Segment Start: Given data

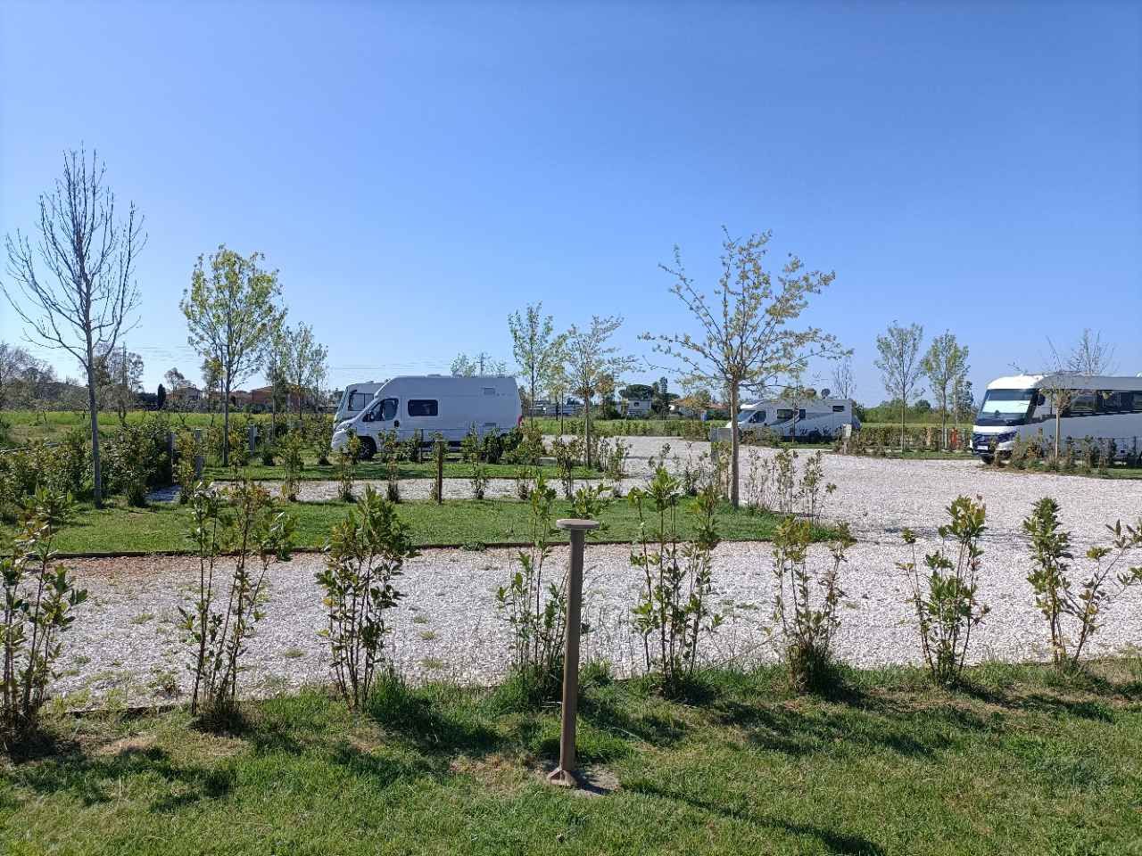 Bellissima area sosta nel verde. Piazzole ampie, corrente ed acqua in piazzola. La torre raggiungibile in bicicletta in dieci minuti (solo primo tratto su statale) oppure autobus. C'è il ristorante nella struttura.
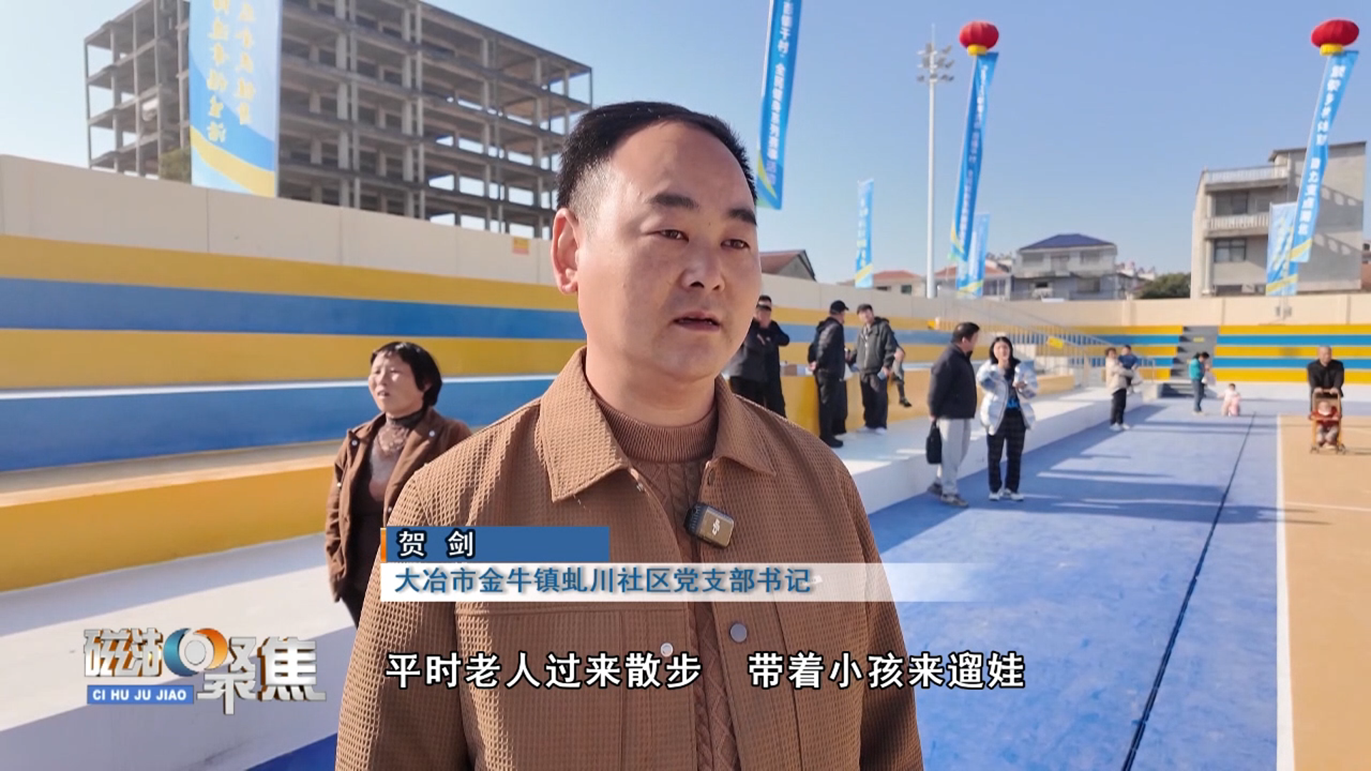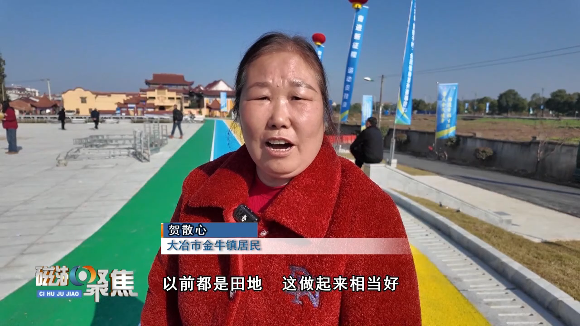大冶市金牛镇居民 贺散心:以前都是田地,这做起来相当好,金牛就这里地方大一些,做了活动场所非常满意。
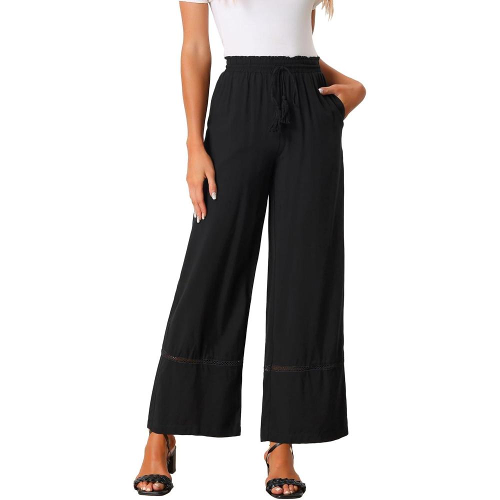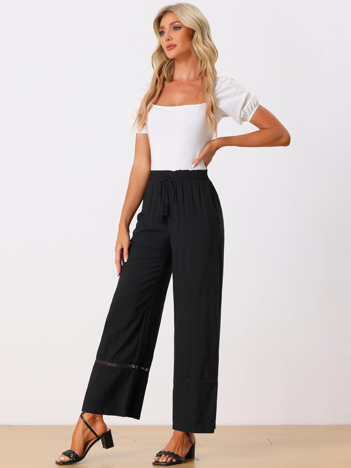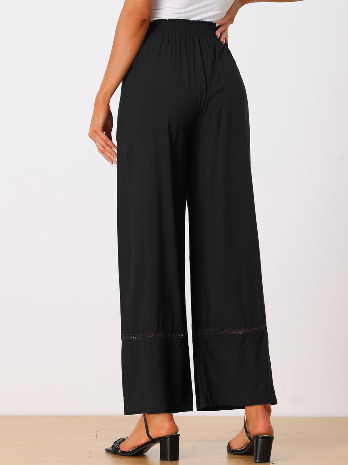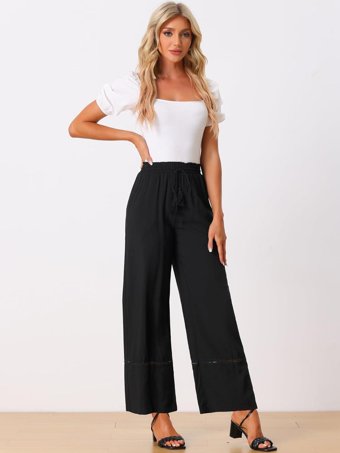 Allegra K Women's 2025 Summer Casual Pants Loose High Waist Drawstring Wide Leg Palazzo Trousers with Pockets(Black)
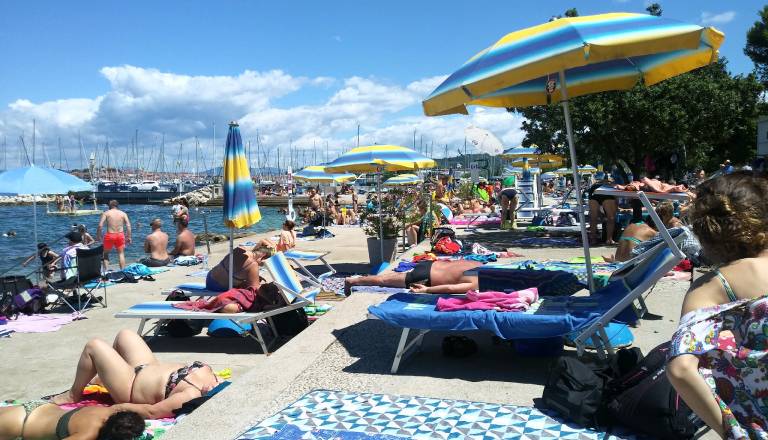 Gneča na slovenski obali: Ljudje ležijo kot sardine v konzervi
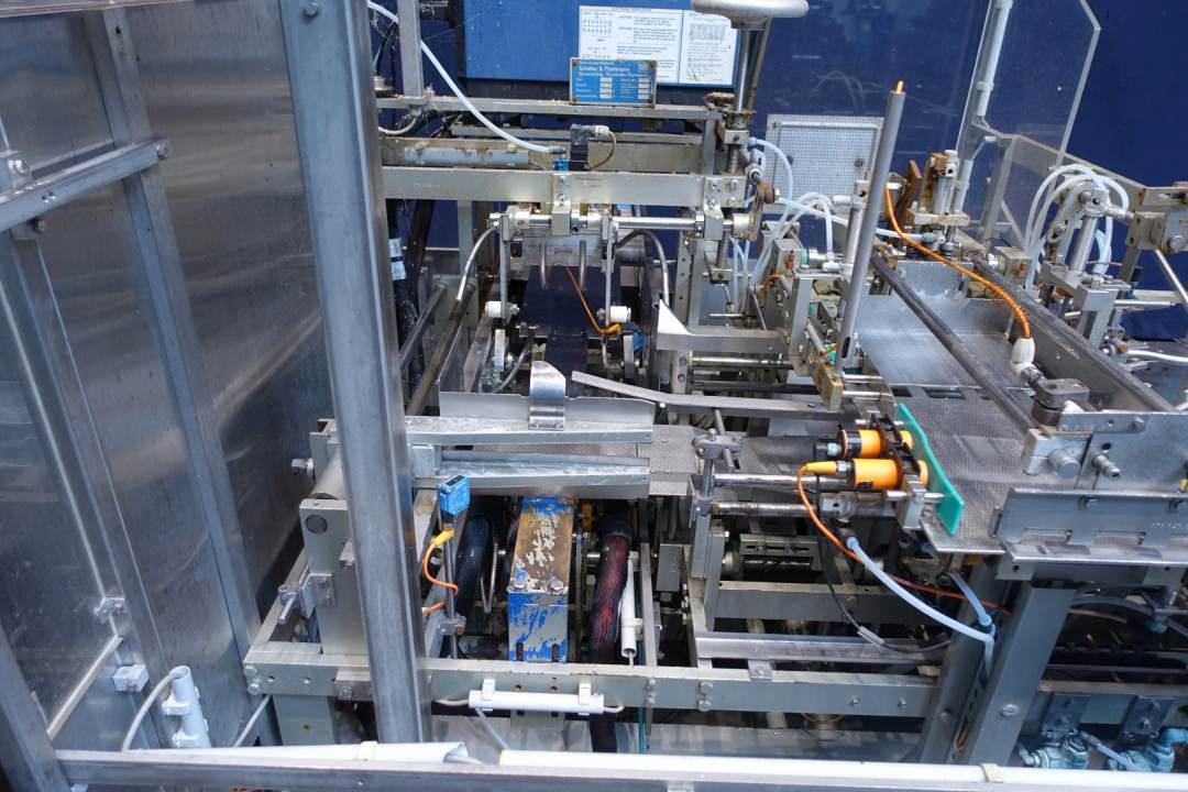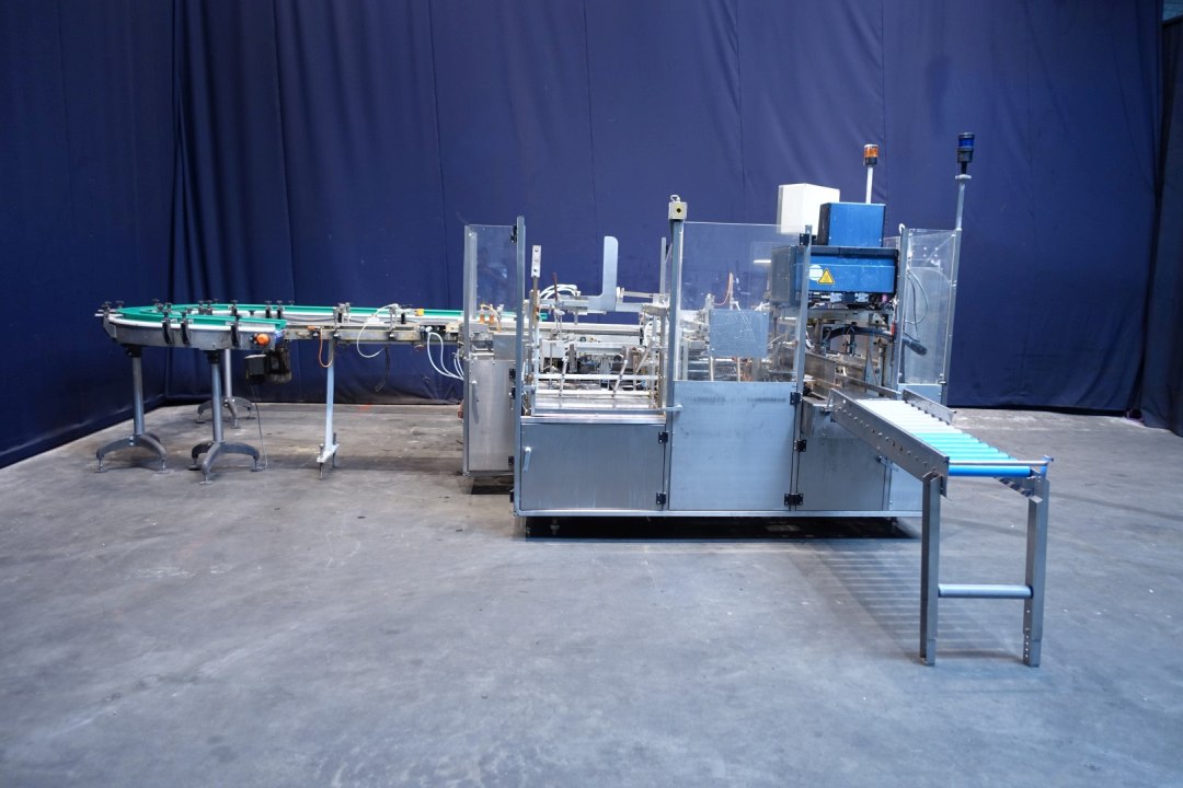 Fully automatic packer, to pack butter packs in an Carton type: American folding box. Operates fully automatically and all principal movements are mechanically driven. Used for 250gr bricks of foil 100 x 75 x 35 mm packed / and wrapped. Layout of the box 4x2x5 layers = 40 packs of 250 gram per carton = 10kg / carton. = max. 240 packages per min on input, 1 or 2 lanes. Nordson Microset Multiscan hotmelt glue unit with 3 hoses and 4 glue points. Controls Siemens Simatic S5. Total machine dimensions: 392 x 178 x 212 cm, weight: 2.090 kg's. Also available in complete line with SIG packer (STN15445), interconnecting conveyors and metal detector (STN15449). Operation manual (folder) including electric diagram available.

Segment End: Given data

What the task asks>
Copy nothing but the lines above from the one with "Allegra K Women's" to the one with "Gneča na slovenski", inclusive, word for word. Leave every picture out.

Written solution>
 Allegra K Women's 2025 Summer Casual Pants Loose High Waist Drawstring Wide Leg Palazzo Trousers with Pockets(Black)
 Gneča na slovenski obali: Ljudje ležijo kot sardine v konzervi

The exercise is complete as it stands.